H.B. Fuller is a global formulator and manufacturer of adhesives, sealants and specialty chemical products serving industrial, consumer and construction end markets through three segments: Hygiene, Health & Consumable Adhesives; Engineering Adhesives; and Construction Adhesives. The company operates a regionally integrated manufacturing and distribution footprint across roughly 35 countries, emphasizes customer-specific technical solutions and invests in local R&D labs coordinated globally. Recent results show mixed segment performance (Construction strong, Engineering modest growth, Hygiene weaker), modest top-line growth but pressure on organic revenue and free cash flow, sensitivity of margins to petroleum/natural-gas feedstock costs, and material near-term investments (acquisitions, the multi-year Project ONE ERP rollout and restructuring). Regulatory exposures (EPA, REACH, FCPA, export controls, data privacy) and seasonality in construction/consumer demand are important operational drivers.

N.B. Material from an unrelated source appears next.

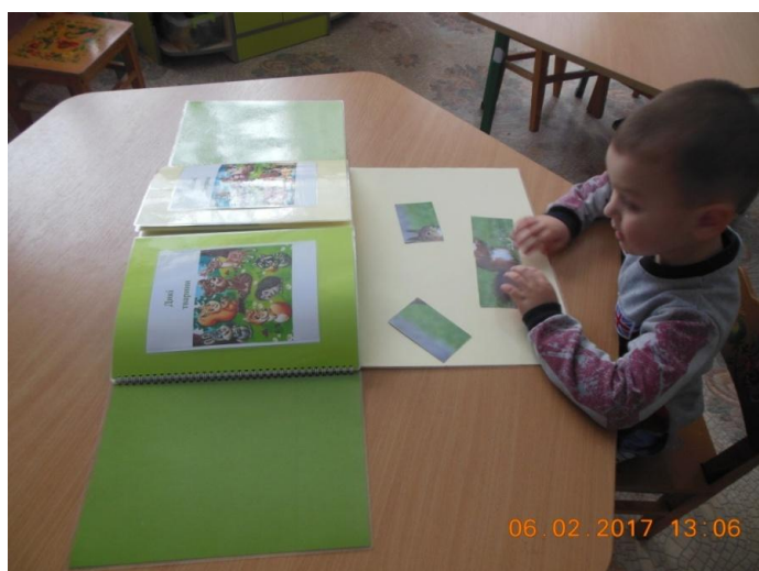
Фото 2. Робота з пазлами

Завдання ускладнюються залежно від віку та рівня розвитку дітей, завдань, які ставить педагог.

Executive Compensation Practices

Compensation at H.B. Fuller is likely calibrated to both near‑term operating metrics (organic revenue, segment operating income/margins, gross margin improvements) and longer‑term value measures (free cash flow, return on invested capital/ROIC and total shareholder return) because management cites pricing, margin mix and cash generation as key performance levers. Given recent acquisition activity, material integration work and the multi‑year Project ONE investment, boards commonly add retention and multi‑year equity awards (performance shares/RSUs with multi‑year vesting) to preserve technical and commercial leadership through execution risk. SG&A increases noted in filings include higher compensation, so annual incentives are probably tied to adjusted operating income, working‑capital/cash generation and achievement of integration/ERP milestones, while long‑term pay likely includes performance metrics and ESG/sustainability targets given regulatory and product‑innovation priorities. Expect standard protections such as clawbacks and change‑in‑control provisions tied to impairment or restatement risks, and some use of deferred/stock‑based pay to limit cash outflow given meaningful leverage and acquisition funding needs.

Insider Trading Considerations

Insider activity for a specialty‑chemicals manufacturer like H.B. Fuller will often reflect corporate events that materially affect operational outlook—earnings releases, acquisition or divestiture announcements (e.g., NA flooring sale), Project ONE milestones, and commodity feedstock swings that affect margins. Because executives receive meaningful equity compensation and the company has seen acquisition financing and elevated leverage, routine option exercises and subsequent sales for tax/liquidity are likely; look for 10b5‑1 trading plans that management may adopt to avoid timing accusations around event windows. Regulatory and jurisdictional risks (FCPA, export controls, environmental compliance) mean insiders operating in high‑risk countries may face additional internal trading restrictions; also watch for standard Section 16 reporting (Forms 3/4/5) and for insider buys as higher‑conviction signals given usual tendency to sell to diversify. Blackout periods around earnings, major M&A/impairment disclosures and ERP/ integration milestones are probable, so clustering of trades outside those windows is a common pattern to monitor.